WHAT THE TASK ASKS: Take nothing but the lines from the one with "Im Satellitenstartzentrum Jiuquan" through the one with "At the bottom of" in the entries below, both ends kept, and return them exactly with pictures left out.

━━━━

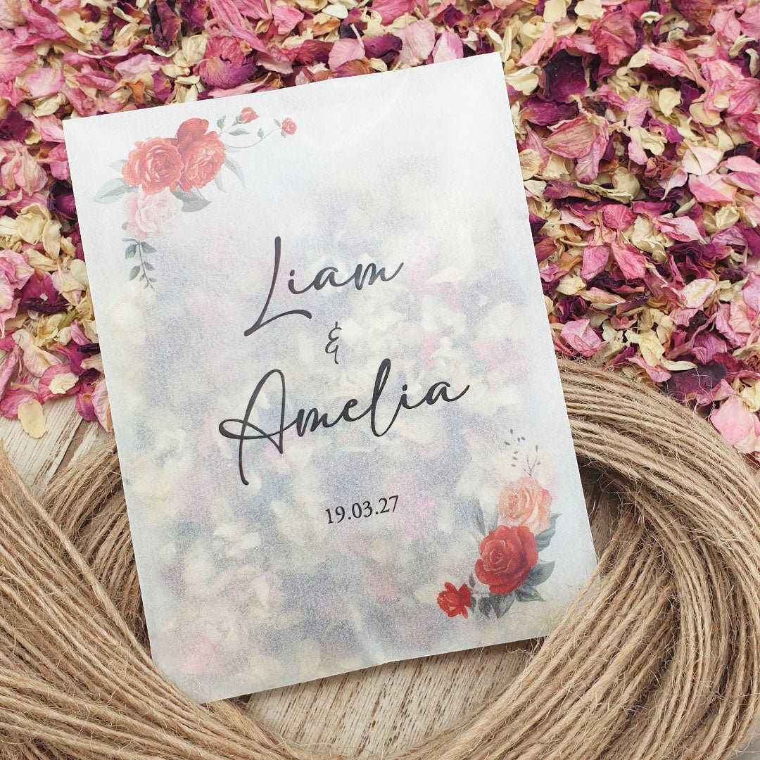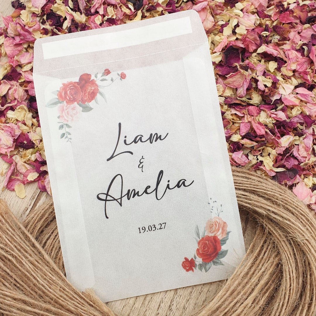 Personalise your confetti packets with your names & wedding date then fill with your chosen confetti to beautifully complement the colour and theme of your Wedding Day!
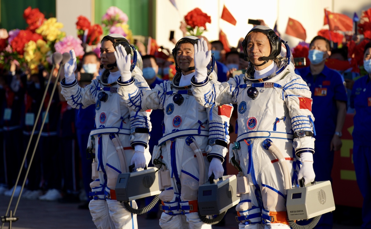 Im Satellitenstartzentrum Jiuquan in Nordwestchinas findet eine Abschiedszeremonie für drei chinesische Astronauten der bemannten Weltraummission Shenzhou XII statt. [Foto von Su Dong/für chinadaily.com.cn, 17. Juni 2021]
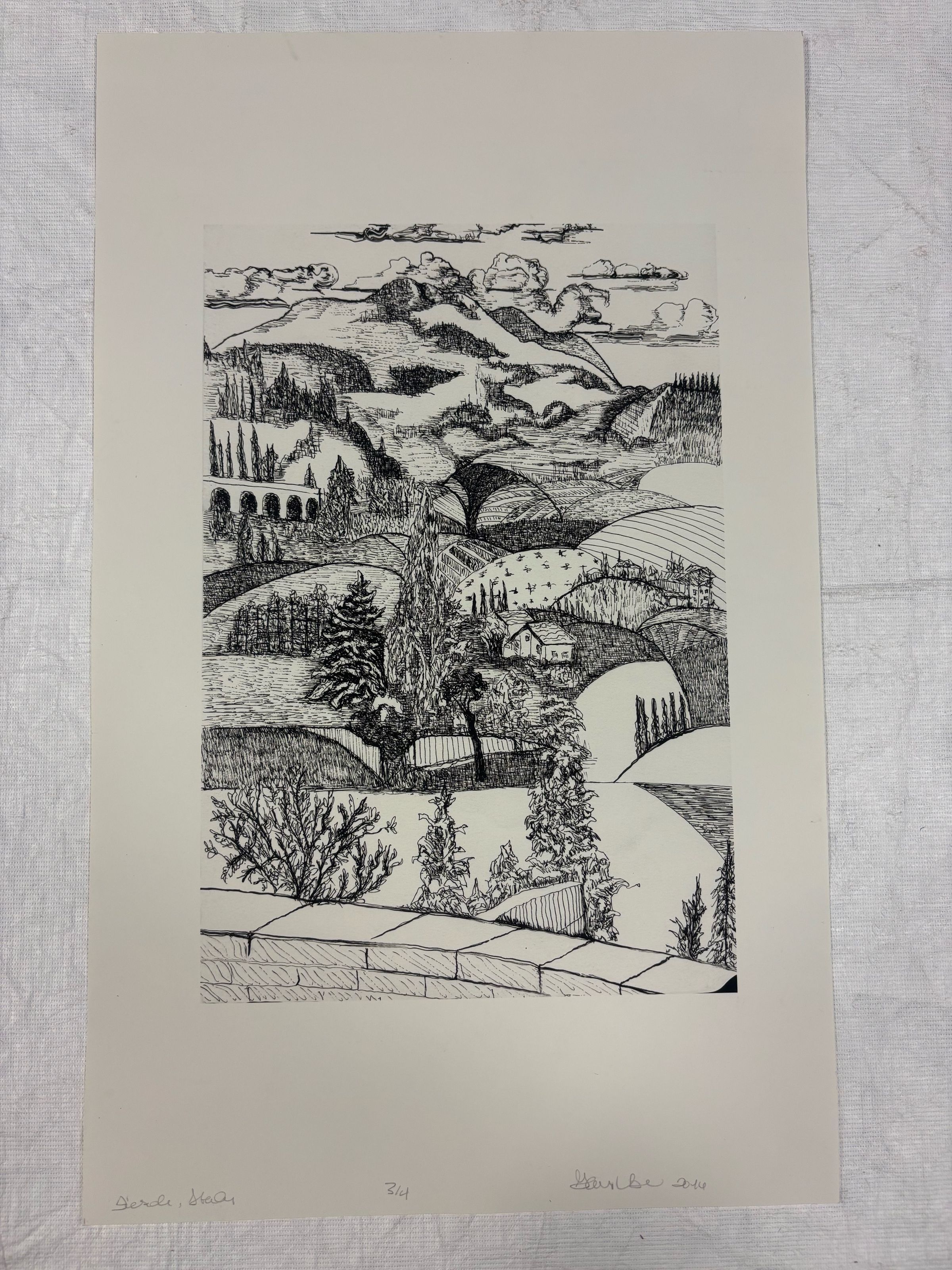 Medium, rectangular, vertically-oriented print depicting a landscape of a small mountainous rural town. At the bottom are brick walls, moving up hills are shaded with various techniques, a little house and bridge can be seen around the middle section, and clouds at the top. Different species of trees are depicted and overlapping hills create the composition.Collection
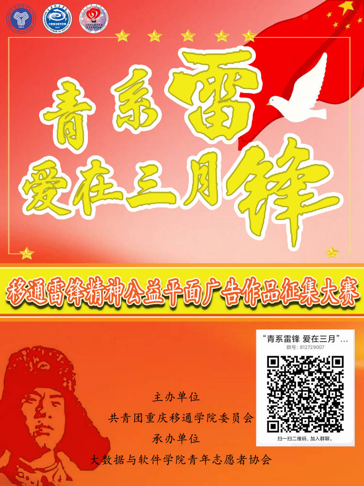 三月,一个温暖的月份;雷锋,一位人民的榜样。为弘扬志愿服务精神,引导同学们继承优良传统,促进同学们充分理解雷锋精神的历史意义和时代内涵。大数据与计算机科学学院青年志愿者协会于2022年3月17日-2022年3月26日以线上形式开展“青系雷锋,爱在三月”移通雷锋精神公益平面广告作品征集大赛。当别具匠心的艺术形式与崇高的雷锋精神相碰撞结合,注定会摩擦出绚烂的烟火。
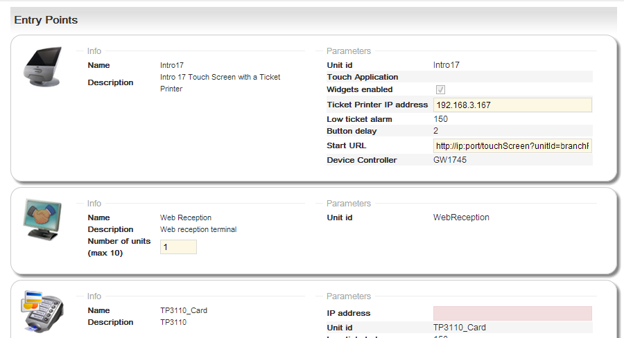 At the bottom of the page, you can find the available Equipment for that Branch. Here you need to enter information, such as IP address for your TP Printer.
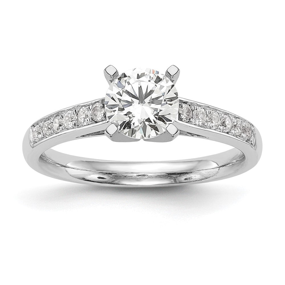 This 14k White Gold Lab Grown Diamond Engagement Ring dazzles with a modern touch. It features a 6.5 mm round center stone, gleaming amid a halo of twelve smaller 1.7 mm round lab-grown diamonds. The center stone boasts a one-carat weight, while the halo adds 0.022 carats of brilliance. Each diamond shines with VS/SI+ clarity and a G+ color grade, ensuring a breathtaking sparkle. Crafted in fine 14k white gold with a rhodium plating, this ring promises lasting beauty. This stunning peg-set ring is the perfect symbol of everlasting love.
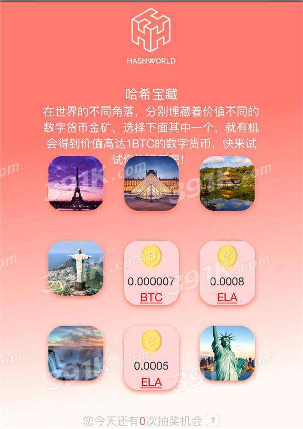 哈希世界每天都有三次抽奖机会,可能会抽中比特币、亦来云、以太坊等数字货币,目前人数还较少,因此收益会比较高。
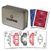 Rinkinį sudaro stilinga metalinė dežutė bei viena raudona ir viena mėlyna kortų kaladė.
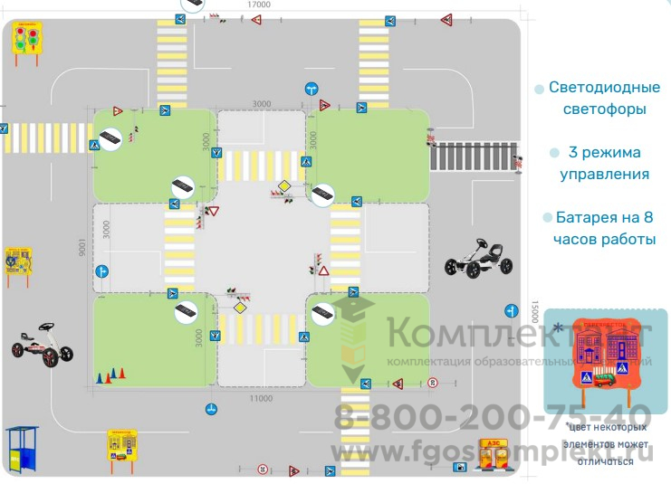 4. Знак дорожный типоразмер 40 на стойке с основанием, Имитация четырёхстороннего перекрестка 11*9м, Учебно-игровой макет "Пост ДПС" , Учебно-игровой макет "Заправка" АЗС (мобильный/стационарный), Бизи-стенд "Светофоры", Бизи-стенд "Перекресток" -, Бизи-стенд "Дорога в школу", Медаль для вручения по результатам изучения ПДД, Набор ролевых жилетов, Учебно-методический плакат "Правила безопасности для пешехода", Учебно-методический плакат "Дорожные знаки пешеходу", Учебно-методический плакат "Дорожные знаки водителю", Жезл регулировщика детский, Веломобили.

━━━━

RESPONSE:
 Im Satellitenstartzentrum Jiuquan in Nordwestchinas findet eine Abschiedszeremonie für drei chinesische Astronauten der bemannten Weltraummission Shenzhou XII statt. [Foto von Su Dong/für chinadaily.com.cn, 17. Juni 2021]
 Medium, rectangular, vertically-oriented print depicting a landscape of a small mountainous rural town. At the bottom are brick walls, moving up hills are shaded with various techniques, a little house and bridge can be seen around the middle section, and clouds at the top. Different species of trees are depicted and overlapping hills create the composition.Collection
 三月,一个温暖的月份;雷锋,一位人民的榜样。为弘扬志愿服务精神,引导同学们继承优良传统,促进同学们充分理解雷锋精神的历史意义和时代内涵。大数据与计算机科学学院青年志愿者协会于2022年3月17日-2022年3月26日以线上形式开展“青系雷锋,爱在三月”移通雷锋精神公益平面广告作品征集大赛。当别具匠心的艺术形式与崇高的雷锋精神相碰撞结合,注定会摩擦出绚烂的烟火。
 At the bottom of the page, you can find the available Equipment for that Branch. Here you need to enter information, such as IP address for your TP Printer.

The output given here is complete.